-------- Collected material --------

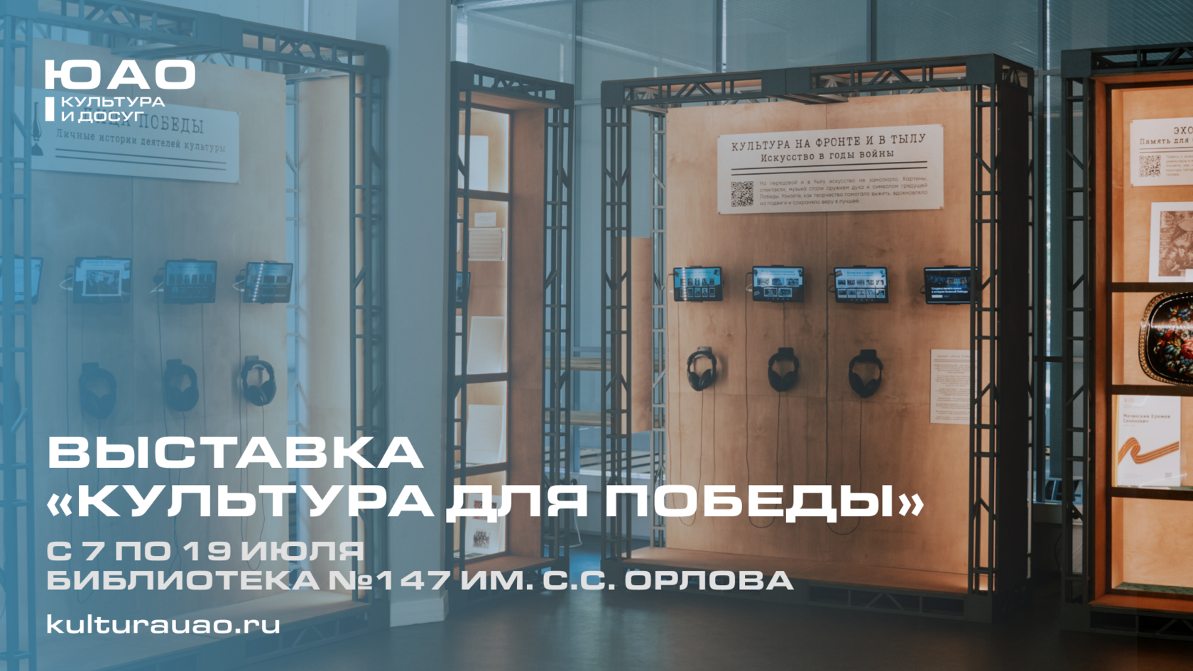В Библиотеке №147 имени С.С. Орлова состоялось торжественное открытие передвижной выставки «Культура для Победы». Она посвященная вкладу деятелей культуры и искусства в нашу Победу в Великой Отечественной войне.
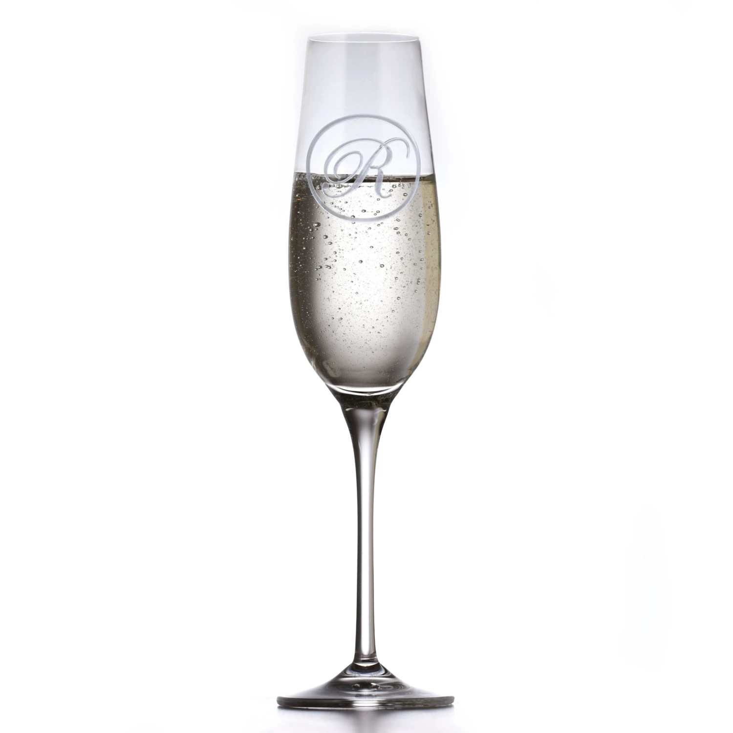 The Etched Monogram Ravenscroft Crystal champagne glass is a cool and unique etched gift for him or her. Mimosa and Prosecco lovers will adore the deeply carved design creating a 3D surface on the toasting flute. Our unique carving method makes it a truly special gift for a wedding, birthday, anniversary and more. Featuring a pulled stem and sheer rim, this durable, lead-free crystal champagne toasting flute by Ravenscroft is dishwasher safe, however we recommend hand washing. Measures 9.5″ high and holds 7 ounces of your favorite champagne, Prosecco, mimosas, and more.
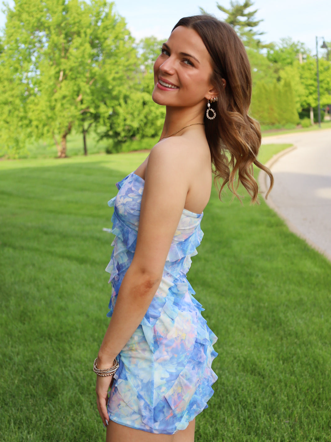 Get ready to turn heads in the Garden Glow Strapless Dress. With a blue multi floral print and mesh ruffle layer, this strapless dress is perfect for any occasion. Lined for comfort, it's also a slip on - making it easy to wear and go.

--------

Restate word for word the lines above that start at the line containing "The Etched Monogram" and run to the end of the listing; exclude the pictures.

| Written solution |
 The Etched Monogram Ravenscroft Crystal champagne glass is a cool and unique etched gift for him or her. Mimosa and Prosecco lovers will adore the deeply carved design creating a 3D surface on the toasting flute. Our unique carving method makes it a truly special gift for a wedding, birthday, anniversary and more. Featuring a pulled stem and sheer rim, this durable, lead-free crystal champagne toasting flute by Ravenscroft is dishwasher safe, however we recommend hand washing. Measures 9.5″ high and holds 7 ounces of your favorite champagne, Prosecco, mimosas, and more.
 Get ready to turn heads in the Garden Glow Strapless Dress. With a blue multi floral print and mesh ruffle layer, this strapless dress is perfect for any occasion. Lined for comfort, it's also a slip on - making it easy to wear and go.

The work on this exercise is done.